Je conçois que cette écotaxe doive être prioritairement affectée aux modes alternatifs de
transport, comme le transport ferroviaire, dont le développement est un levier précieux pour réduire
les émissions liées au trafic routier. Mais, dans la mesure où, pour la RCEA, l’Etat n’a prévu à court-
terme aucun investissement de ce type en Saône et Loire, notre Département était fondé à exiger
qu’une infime part du produit attendu de cette taxe nationale (15 millions, soient 1%) soit affectée non
pas à une autoroute nouvelle, mais à un itinéraire de transit européen et national, de surcroît seul axe
de desserte des populations en Saône et Loire.

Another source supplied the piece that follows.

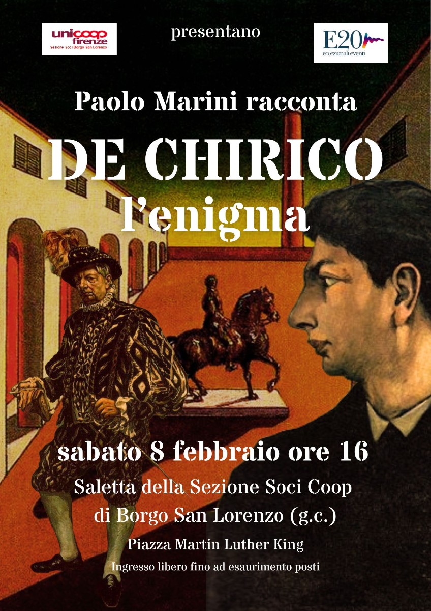 Sabato 8 febbraio alle ore 16, prsso la Saletta della Sezione Socili Coop di Borgo San Lorenzo ,appuntamento con l'arte di Giorgio de Chirico. De Chirico (1888-1978), uno degli artisti più famosi del Novecento non solo italiano, è anche, per un paradosso, uno dei meno conosciuti, a causa di una lunga serie di luoghi comuni e fraintendimenti della sua opera, spesso in malafede.

J’ai d’ailleurs le plaisir de joindre cette contribution à
ce courrier. Elle est à mon sens un point d’équilibre entre un impératif de solidarité nationale et les
exigences de développement durable et de désenclavement économique de nos territoires.
Je veux vous assurer de toute ma détermination à promouvoir une politique ambitieuse
d’aménagement public des transports ferroviaires - passagers et fret - qui s’appuie sur les nécessaires
mutations écologiques vers lesquelles notre pays doit converger, en intégrant de nouveaux outils
efficaces en matière de protection de l’environnement et justes socialement. C’est dans cette
perspective que je défends l’utilité d’une taxe carbone qui concilie ces deux exigences.
Je vous prie de croire, Monsieur le Président, en l'assurance de ma considération
distinguée et de mon cordial dévouement.